19 With regard to Mr Murtough's ill-health, the Plaintiff says that given his chronic condition and the other problems he has suffered from, particularly during the course of this year, it is likely that Mr Murtough will never feel that he is well enough to defend the proceedings, particularly in the event that Legal Aid is ultimately refused and he is not otherwise to obtain legal assistance.
20 I have concerns because of Mr Murtough's state of health, and particularly in the light of his recent diagnosis and the (admittedly, somewhat unsatisfactory and second-hand) evidence about what is likely to ensue over the course of the next six to eight weeks concerning treatment of what he has been diagnosed with.
21 I can take into account, however, that there have been a number of appearances before me during the course of this year in these proceedings and in particular the hearing that took place before me on 23 March 2010, a hearing that lasted about one and a half hours. I had become concerned by the end of that hearing about Mr Murtough's health and ability even to continue appearing on that application in the light of matters I observed about him. I have raised this matter with Mr White at today's application, and it was at least partly in response to that, that Mr White submitted, not without some justification, that there might be some doubt about whether Mr Murtough would ever feel well enough to be able to conduct the proceedings.
22 Nevertheless, I have to take into account the fact that this summary judgment application has been set down for hearing tomorrow (1 April 2010), and from the material that has been filed on both sides and what is likely to be argued, it seems to me that the matter will run for most of the day if not longer.
23 I have very considerable concerns that Mr Murtough is simply not well enough to appear for himself and to defend the summary judgment application. Today's application was heard with Mr Murtough on a telephone link because he claimed he was too unwell to attend Court.
24 The summary judgment application is not an application of insignificance in the proceedings such as an application for the provision of particulars or some other interlocutory matter of that sort. It is an application which, if the Plaintiff is successful, will result in a final order to the detriment of Mr Murtough affecting his continued possession of the property that he lives in and another property that he owns.
25 Although I have considerable doubts about the bone fides of the application of the appeal under s 56 in the light of the history of the matter, I also take into account the submission of Mr Murtough that he wishes to place before the Legal Aid Review Committee the 2 affidavits recently prepared on his behalf by himself and his wife.
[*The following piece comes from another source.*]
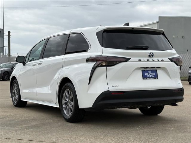 **ONE OWNER**, **CLEAN CARFAX!**, **BLUE TOOTH**, **BACK UP CAMERA**, **ALLOY WHEELS**, 2.5L I4 Hybrid w/VVT-iE DOHC 16V. 2025 Toyota Sienna LE 8 Passenger White FWD CVT CARFAX One-Owner. 36/36 City/Highway MPG 2.5L I4 Hybrid w/VVT-iE DOHC 16VJOE MYERS TOYOTA NAMED A CARFAX TOP-RATED DEALER SEVEN YEARS IN A ROW!!! COME EXPERIENCE JOE MYERS TOYOTA**SAVE Time and $Money, FRESH QUALITY INVENTORY EVERYDAY, DAILY SPECIALS!! @JOE MYERS TOYOTA WE ARE HERE FOR YOU!!! Se Habla Espan¦âol, Financing Available, VOLUME DEALER, BEST DEALS**Call Now! Recent Arrival! 36/36 City/Highway MPG All pricing is subject to change and may not include dealer added options.. Joe Myers Toyota is proudly serving Houston, Spring, Katy, Cypress, 290 HWY, FM1960, area and follow communities, Northwest Freeway, Cy Fair, Jersey Village, Tomball, The Woodlands, North Freeway, Klein, I-10, Katy, Missouri City, Sugarland, Waller, Brenham, Hempstead, Richmond, and College Station.

It may be that there is at least some material in those which could possibly result in the Committee coming to the view that legal aid should be granted. In that regard, in the light of Mr Murtough's ill-health, I consider it very important that every avenue should be pursued to see if some form of legal assistance can be obtained for Mr Murtough so that he is not placed in the position of having to defend the proceedings in his state of ill-health.
26 I do not consider that it would be fair to him to require him to defend the application tomorrow.
27 For those reasons, although reluctantly, I accede to Mr Murtough's application to vacate the hearing on 1 April 2010.